Néron s'en saisit, et y lut que le sénat l'avait
déclaré ennemi public, et qu'on le cherchait pour
le punir selon les lois des anciens. Il demanda quel
était ce supplice. On lui dit qu'on dépouillait
le coupable, qu'on lui passait le cou dans une fourche, et
qu'on le battait de verges jusqu'à la mort.
Épouvanté, il saisit deux poignards qu'il avait
sur lui, en essaya la pointe, et les remit dans leur gaine en
disant que son heure fatale n'était pas encore venue...
Déjà approchaient les cavaliers qui avaient ordre
de l'amener vivant. Dès qu'il les entendit, il
prononça en tremblant ce vers grec: "Le galop des
coursiers résonne à mes oreilles."; puis il
s'enfonça le fer dans la gorge, aidé par son
secrétaire. Il respirait encore
lorsqu'un centurion entra. Feignant d'être venu à
son secours, il appliqua sa casaque sur la blessure.

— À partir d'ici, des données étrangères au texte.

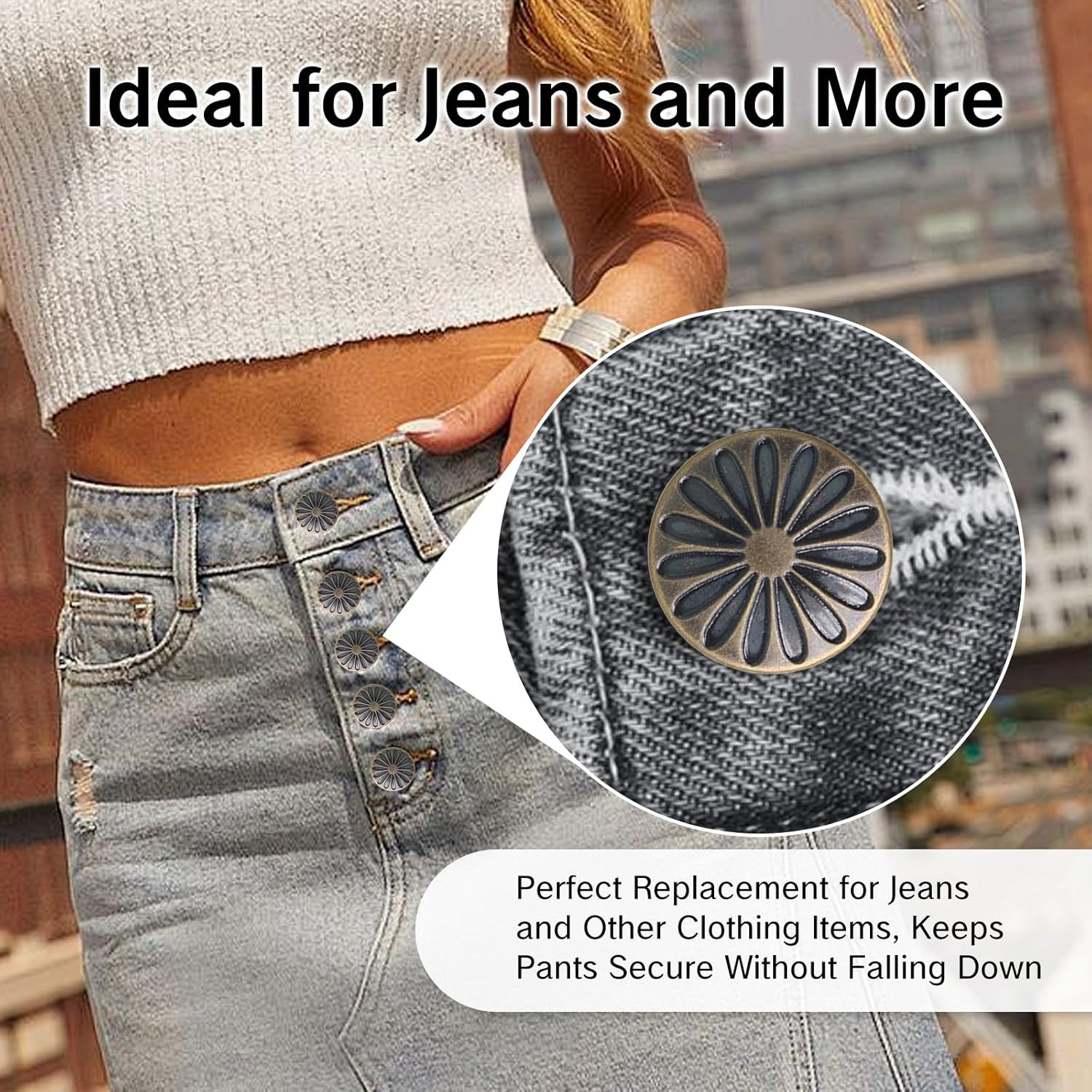 20 Sets Pants Buttons No Sew Metal Jean Buttons Kit for Heavy Duty Denim Repair

Néron ne lui dit que ces mots: "Il est trop tard", et
ceux-ci: "Voilà donc la fidélité!". Il
mourut en les prononçant. Ses yeux étaient hors
de sa tête, et leur fixité saisissait d'horreur et
d'effroi tous les spectateurs. Il avait surtout
expressément recommandé à ses compagnons
qu'on n'abandonnât sa tête à personne, mais
qu'on le brûlât tout entier, de quelque
manière que ce fût.
LVII. Joie
universelle à la nouvelle de sa mort.
Il mourut dans la
trente-deuxième année de son âge, le
même jour où il avait fait périr Octavie.

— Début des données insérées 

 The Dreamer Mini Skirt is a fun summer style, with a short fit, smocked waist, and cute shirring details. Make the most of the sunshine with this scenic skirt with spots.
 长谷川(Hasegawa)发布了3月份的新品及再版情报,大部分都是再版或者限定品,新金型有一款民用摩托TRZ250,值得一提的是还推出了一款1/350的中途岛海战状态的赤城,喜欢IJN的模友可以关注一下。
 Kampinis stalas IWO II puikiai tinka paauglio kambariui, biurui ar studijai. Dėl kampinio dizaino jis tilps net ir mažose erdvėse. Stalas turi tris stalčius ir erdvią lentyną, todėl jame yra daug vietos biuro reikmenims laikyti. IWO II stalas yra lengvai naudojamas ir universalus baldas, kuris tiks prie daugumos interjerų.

L'allégresse publique fut si grande que le peuple,
coiffé de bonnets de laine, courut çà et
là par toute la ville.
CODA
"Un pouvoir ne signale pas seulement sa fragilité quand il fait donner
ses nervis, depuis les préfets galonnés jusqu’aux troupiers bottés, mais
aussi quand il commence à avoir peur des signes. Or, on notera que les
points de fixation de cet acte 23 ont surtout à voir avec des signes :
des mots (le fameux slogan anti-flic), des images, ou plutôt non : la
simple possibilité d’images, accompagnée d’un doigt fourré. Plus
que tout, ce pouvoir, entouré de ses laquais, redoute, non plus
seulement d’être montré dans sa réalité, mais les atteintes symboliques
dont il devient l’objet : il s’est enflammé au moment des parodies de
guillotine, il s’enflamme quant sont décrochés les portraits du roitelet
en mairie, de simples mots le dégondent. Ecorché nu, tout oripeau de
légitimité envolé, la moindre atteinte de cette nature lui est
insupportable. Alors, dans une fureur aveugle, qui dit son état de nerf,
il poursuit tout ce qu’il peut poursuivre (et même ce qu’il ne peut
pas) – on annonce que la justice est lâchée contre ceux qui ont crié le
« suicidez-vous ». Evidemment ça n’est là qu’une course à l’abîme
puisque, ce faisant, il ne cesse d’approfondir les causes qui alimentent
son discrédit. Disons-le lui au cas où il ne le saurait pas : un
pouvoir dans un tel état de retranchement, un pouvoir à ce degré
d’écorchure symbolique, est un pouvoir perdu."